Logo

2. Hukuk Dairesi2023/4765 E. 2024/3542 K.

Yapay Zeka Özeti

Uyuşmazlık: Karşılıklı boşanma davasında kusur belirlemesi, tedbir ve yoksulluk nafakası ile maddi ve manevi tazminat taleplerinin yerinde olup olmadığı.

Gerekçe ve Sonuç: Tarafların karşılıklı iddia ve savunmalarına, dayandıkları belgelere, uyuşmazlığa uygulanması gereken hukuk kuralları ile hukuki ilişkinin nitelendirilmesine, dava şartlarına, yargılama ve ispat kuralları ile kararda belirtilen gerekçelere göre usul ve kanuna uygun bulunduğundan Bölge Adliye Mahkemesi kararının onanmasına karar verilmiştir.

Karar Metni

"İçtihat Metni"

MAHKEMESİ : İstanbul Bölge Adliye Mahkemesi 42. Hukuk Dairesi

SAYISI : 2021/40 E., 2023/28 K.

KARAR : Başvurunun kısmen kabulü ile yeniden esas hakkında hüküm kurma

İLK DERECE MAHKEMESİ : Büyükçekmece 5. Aile Mahkemesi

SAYISI : 2018/33 E., 2020/774 K.

Taraflar arasındaki karşılıklı boşanma davasından dolayı yapılan yargılama sonunda İlk Derece Mahkemesince asıl davanın kabulüne, karşı davanın reddine karar verilmiştir.

Kararın davalı-karşı davacı kadın vekili tarafından istinaf edilmesi üzerine, Bölge Adliye Mahkemesince istinaf başvurusunun kısmen kabulü ile İlk Derece Mahkemesi hükmü kısmen kaldırılarak bu yönlerden yeniden esas hakkında karar verilmiştir.
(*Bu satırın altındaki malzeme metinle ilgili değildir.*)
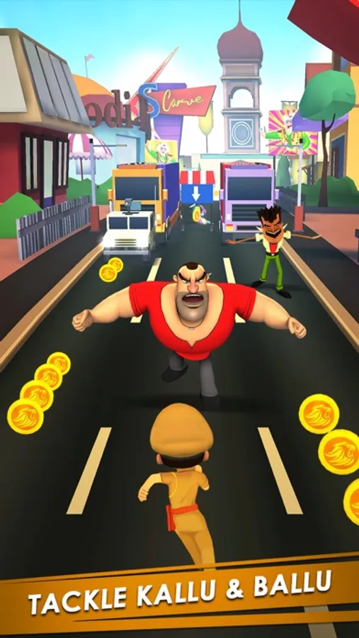 Join India's youngest supercop Little Singham in his biggest battle between the good and the evil against the vilest demon of them all, Kaal. Play with 9 different avatars of Little Singham - Police, Army, Navy, Air Force, Military, Cricketer, Petrol Man, Miner and Makkhi. Travel beyond Mirchi Nagar. Run through the streets of Bhutan and Tashangarh. Explore the new Convention Centre and collect as many coins you can. Slide through concrete pipes. Jump over incoming cars and barricades. Tackle through Kallu and Ballu to stay out of their reach and get back on your quest to capture Kaal. Grab Magnets on the run to collect all the nearby coins. Seize the Bulletproof Jacket and run through obstacles. Power Boots boost up your speed and help Little Singham narrow down the distance between him and Kaal. Do not forget to nab the Rockets on your way. They help you collect easy coins. Coins can be used to upgrade your Power-ups to last longer.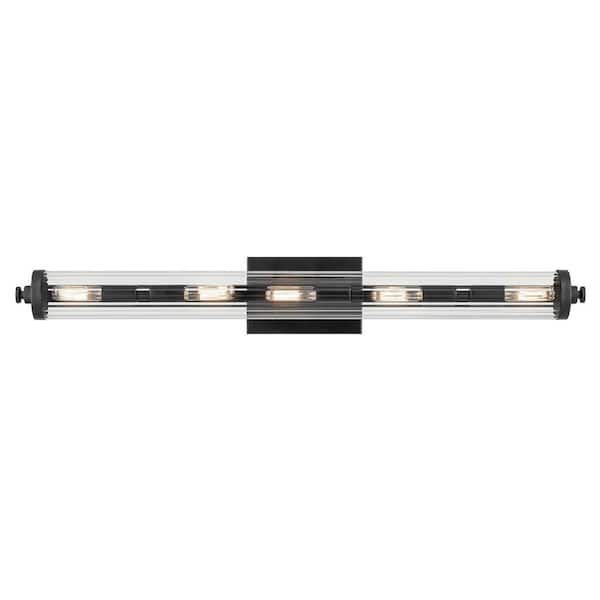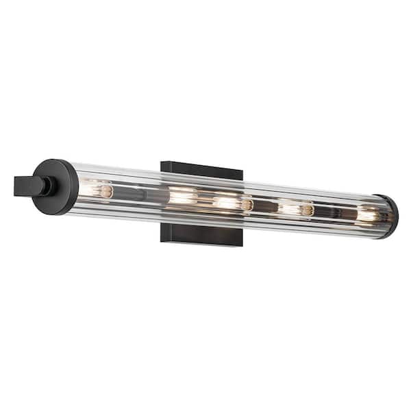 Azores 32 in. 5-Light Black Vintage Industrial Bathroom Vanity Light with Clear Fluted Glass
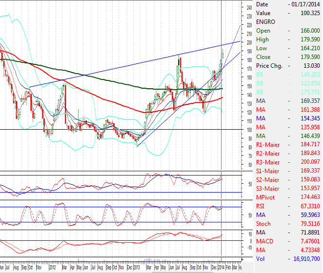 Our Preference: Short Sell ENGRO below 193 till 196.15 with strict stop loss of 199.80 and profit target at 179.59 and 172 in extension.
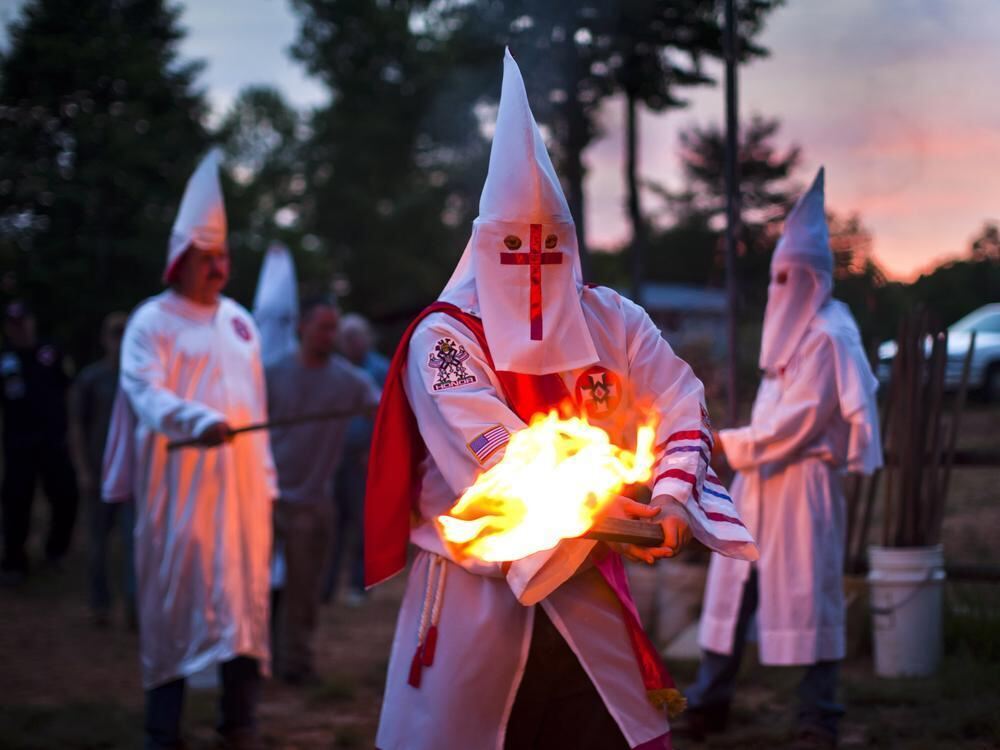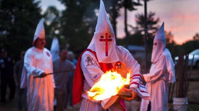 Mitglieder der »Rebel Brigade Knights« des Ku-Klux-Klan nehmen an einer Zeremonie des Ku-Klux-Klan in Martinsville, Virginia, USA teil.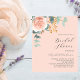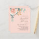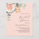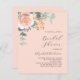 Un fondo de color melocotón a la moda. Decorada con rosa de oro y floral rosa, flor rosa y hojas de eucalipto de color verde acuático, brotes, vegetación y una falsa primavera dorada. Personalice y agregue el nombre de la novia para ser y los detalles del fiesta. Fondo de color melocotón. 1 hoja = 1 borde impreso de invitación al borde.
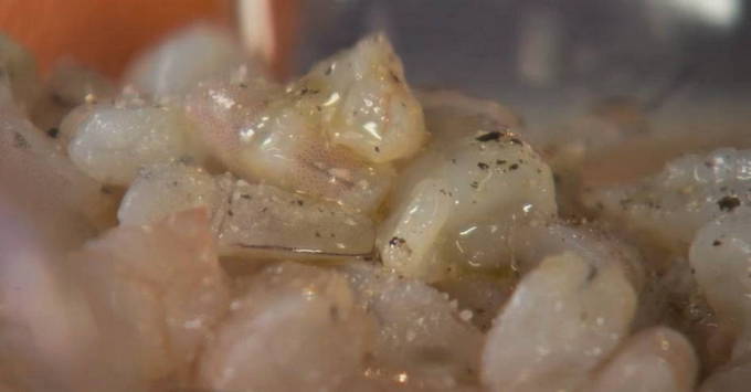 - We wassen de garnalen, schillen ze en snijden ze vervolgens in kleine stukjes.

Bölge Adliye Mahkemesi kararı davalı-karşı davacı kadın vekili tarafından temyiz edilmekle; kesinlik, süre, temyiz şartı ve diğer usul eksiklikleri yönünden yapılan ön inceleme sonucunda, temyiz dilekçesinin kabulüne karar verildikten ve Tetkik Hâkimi tarafından hazırlanan rapor dinlendikten sonra dosyadaki belgeler incelenip gereği düşünüldü:

I. DAVA

Davacı-karşı davalı erkek vekili dava dilekçesinde özetle; kadının aşırı kıskanç olduğunu, erkeğe ve ailesine ağır ithamlarda bulunduğunu, erkeğin kadın tarafından psikolojik baskıya maruz kaldığını, 15 yaşında eğitime muhtaç bir kıza eğitim için burs vermesinin dahi aile içinde olay olduğunu, benim yerime kuma getireceksiniz ablan bu duruma onay verdi ifadeleriyle erkeğe ve aile şerefine hakarete varacak sözlerde bulunduğunu, evde sürekli huzursuzluk yaşandığını ve kadının aşırı şüpheciliğinin evlilik kurumunu zedeleyip bir arada yaşanmaz hale getirdiğini, yaşanan tüm tartışmalar yüzünden tarafların yatak odalarını ayırmak zorunda kaldıklarını, aynı evde iki yabancı gibi yaşadıklarını, aralarında yaşanan kavgalar ve aşağılamalar nedeniyle erkeğin hem maddî hem de manevî olarak yıprandığını, tarafların 31.10.2020 tarihinden bu yana ayrı yaşadıklarını belirterek evlilik birliğinin temelinden sarsılması sebebiyle tarafların boşanmalarına karar verilmesini talep ve dava etmiştir.

II. CEVAP

Davalı-karşı davacı kadın vekili cevap ve karşı dava dilekçesinde özetle; erkeğin iddialarının gerçek dışı olduğunu, biletlerin alınmasına rağmen erkeğin işini ve ablasından kaynaklı nedenleri iddia ederek Azerbaycan'a gidişini iptal ettiğini, kadının yeni bir çevrede yeni insanlar arasında inanılmaz kötü muameleye maruz kaldığını, kadının 31.10.2017 tarihinde evden ayrıldığı iddiasının gerçek dışı olduğunu, bu tarihten önce erkek ve erkeğin ablası ile Azerbaycan'a gitmek üzere anlaştığını, biletler alındığı için kadının ülkesine annesinin yanına gittiğini, göğsünde kitleler tespit edilmesi sonucu ülkesine gidince orada tedavisine başlandığını, tarafların evliliklerinde sorunun tek kaynağının erkeğin ablası olduğunu, erkek için ablasının her şey olduğunu, erkeğin ablası ile aynı evde yaşamaya zorladığını, erkeğin kusurları nedeniyle maddî manevî kayba uğradığını, başka bir ülkeye gelip gelir imkanından yoksun kaldığını, erkeğin kadına kötü muamele, haksız suçlama, kötü davranış uyguladığını, kadının tedavisini yaptırmadığını belirterek asıl davanın reddine, karşı davanın kabulü ile evlilik birliğinin temelinden sarsılması sebebiyle tarafların boşanmalarına, kadın lehine aylık 1.000,00 TL tedbir ve yoksulluk nafakasına, nafakaya yıllık artış oranının belirlenmesine, yasal faiziyle birlikte 50.000,00 TL maddî ve 50.000,00 TL manevî tazminata karar verilmesini talep ve dava etmiştir.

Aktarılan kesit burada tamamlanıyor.